Helfer von Aktion Deutschland Hilft berichten aus den Krisengebieten

Dürre, Ernteausfälle, Nahrungsmittelpreissteigerungen und anhaltende militärische Auseinandersetzungen: Aktion Deutschland Hilft warnt erneut eindringlich vor einer drohenden Hungerkrise in Westafrika. Nach Auffassung des Büros zur Koordination humanitärer Angelegenheiten der Vereinten Nationen (UN OCHA) ist bereits jetzt die Nahrungssicherheit von 15 Millionen Menschen im Niger, Tschad, in Mali, Mauretanien und Burkina Faso bedroht.

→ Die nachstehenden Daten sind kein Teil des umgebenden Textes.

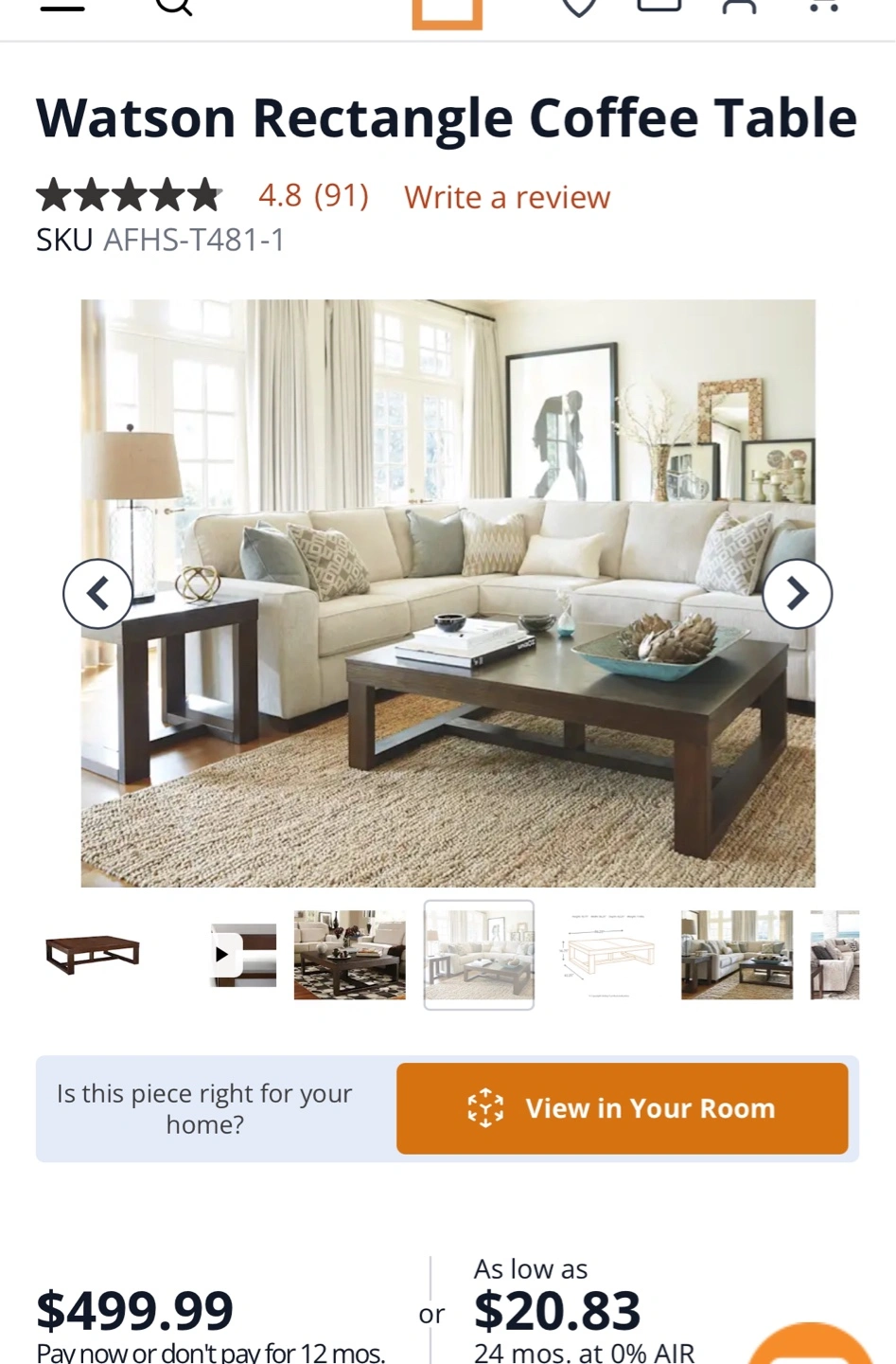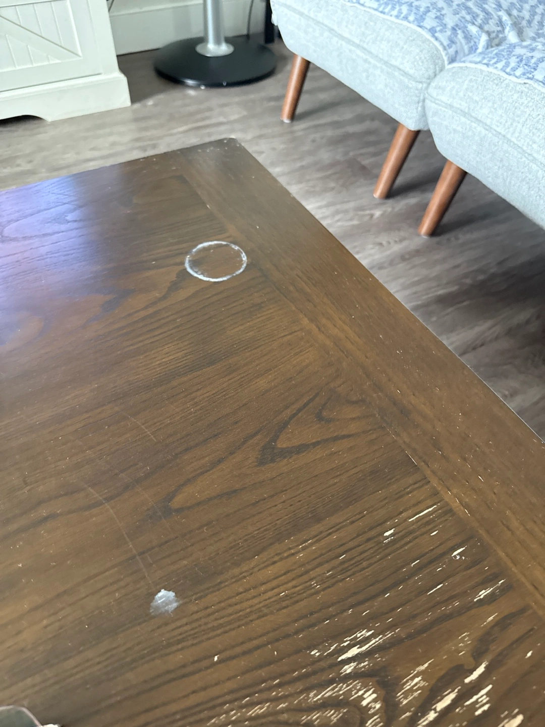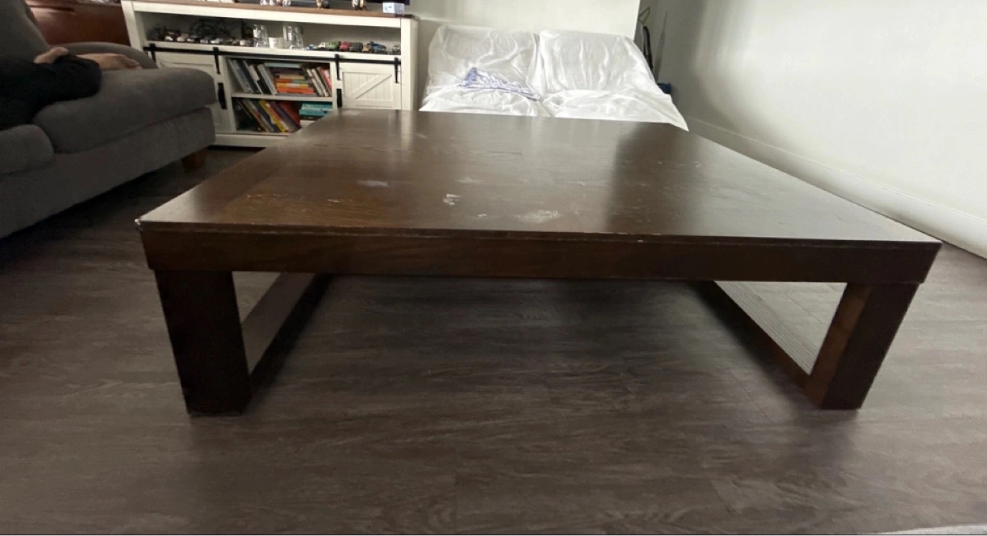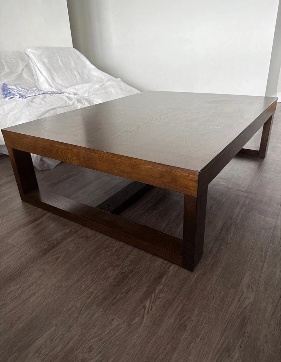 Large, square coffee table with a dark wood finish. Some wear and tear on the top. Table is sturdy and well-built. Perfect for a living room or family room. Original new table is 500 in Ashley Move out sale need to go asap. The offers accepted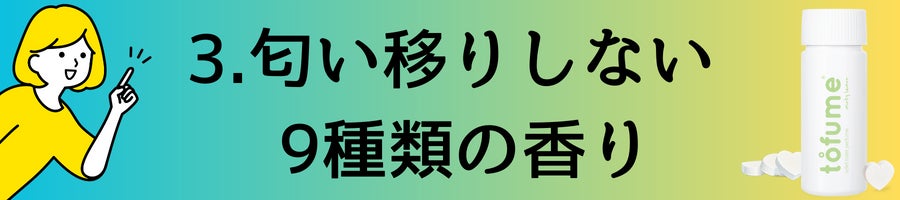 「ニオイを隠そうとすると強い香りになり、悪いニオイと混ざり合った不快なニオイになります。つまり、消臭と香りはセットで機能が理想的」tofumeは、しっかり消臭と爽やかな香りが同時機能し、服へのニオイ移りもありません。

„Die Lage der Menschen verschlechtert sich täglich“, so Heribert Scharrenbroich, Präsident von CARE Deutschland-Luxemburg und stellv. Vorstandsvorsitzender von Aktion Deutschland Hilft, der gerade aus dem Tschad zurückgekehrt ist. „Im Tschad sind die Nahrungsmittel bald aufgebraucht, viele Menschen verzehren bereits ihre letzten Vorräte. Fast vier Millionen Menschen sind davon betroffen, immer mehr Kinder sind unterernährt. Die nächste Ernste wird frühestens im Oktober erwartet – bis dahin brauchen die Menschen dringend Unterstützung.“ Von den etwa 550 Millionen benötigten Euro für die Nothilfe in der Sahelzone waren Mitte April erst 49 Prozent zugesagt. „Ich rechne fest mit einer Hungersnot in einigen Regionen, wenn nicht bald gehandelt wird. Deshalb muss die internationale Gemeinschaft unbedingt mehr Gelder zur Verfügung stellen. Jetzt ist es fünf vor zwölf, um eine größere Katastrophe zu vermeiden.“

Auch Kristina Rauland-Yambré, Landeskoordinatorin für Burkina Faso von Help e.V., sieht die Lage in den burkinischen Krisengebieten kritisch: „Wir sehen kein Licht am Ende des Tunnels und das wird es vermutlich auch bis zur nächsten Ernte nicht geben. Im Gegenteil, die Preise steigen weiter an, man kann ohne Übertreibung von einem historischen Niveau sprechen. Hirse kostet mancherorts 200 Prozent mehr als im Vorjahr. Den Menschen geht es schlecht, das Vieh stirbt und ganze Familien wandern aus den Dörfern ab. Die Flüchtlingskrise aus Mali verschärft die Situation zudem: Die Zahl der erwarteten Flüchtlinge ist mittlerweile übertroffen und es kommen immer noch Flüchtlinge in Burkina Faso an.“

Diese Augenzeugenberichte spiegeln die Wirklichkeit der Arbeit aller Bündnispartner von Aktion Deutschland Hilft in Westafrika wider. „Neben der Soforthilfe, wie Nahrungsmittelverteilungen oder medizinische Versorgung, können nur nachhaltige Hilfsprojekte wie Saatgutausgabe, Aufforstung oder Stärkung des Viehbestandes die Lage der Menschen langfristig verbessern“, so Manuela Roßbach, Geschäftsführerin von Aktion Deutschland Hilft, „Diese Art der umfassenden Hilfe benötigt aber auch öffentliche Wahrnehmung und ausreichende finanzielle Mittel. 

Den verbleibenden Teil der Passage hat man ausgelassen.